- **ABOUT THIS EXERCISE**: Copying rule for the data below: take the line containing "1.传统模式:在《洋浦QFL" and every line after it to the end, exactly, and drop all pictures.

- **DATA SEGMENT**:
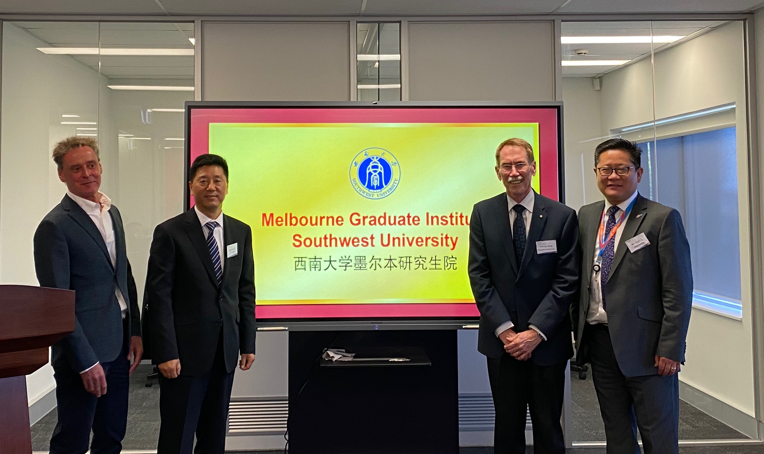 12月12日,beat365在线唯一官网登录墨尔本研究生院(Melbourne Graduate Institute,简称MGI)揭牌仪式在澳大利亚教育管理集团(AEMG)举行。学校副校长靳玉乐、AEMG总裁李新庆等相关负责人、前澳大利亚国立大学校长Ian Young、弗林德斯大学副校长Mike Kyrios、塔斯马尼亚大学常务副校长Rob Wilson、悉尼科技大学创新数字中心创始人周万雷等40余位中澳知名院校专家教授、业界代表齐聚一堂,一同见证了学校教育国际化的又一里程碑。
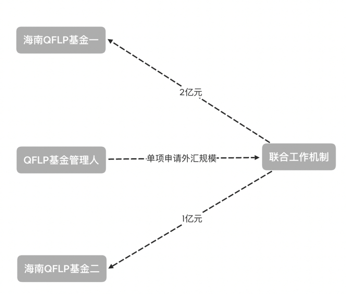 1.传统模式:在《洋浦QFLP外汇实施细则》出台前,绝大多数非试点地区均未实行余额管理制度,也即基金管理人需要就每一只QFLP基金单独申请外汇额度,且每只基金之间额度是相互独立的,不能由基金管理人自由分配,具体如下图:
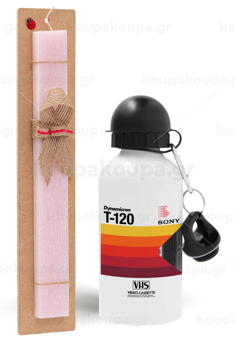 VHS sony dynamicron T-120, Easter Set, metallic aluminum bottle (500ml) & aromatic flat Easter candle (30cm) (PINK)

- **WRITTEN RESPONSE**:
 1.传统模式:在《洋浦QFLP外汇实施细则》出台前,绝大多数非试点地区均未实行余额管理制度,也即基金管理人需要就每一只QFLP基金单独申请外汇额度,且每只基金之间额度是相互独立的,不能由基金管理人自由分配,具体如下图:
 VHS sony dynamicron T-120, Easter Set, metallic aluminum bottle (500ml) & aromatic flat Easter candle (30cm) (PINK)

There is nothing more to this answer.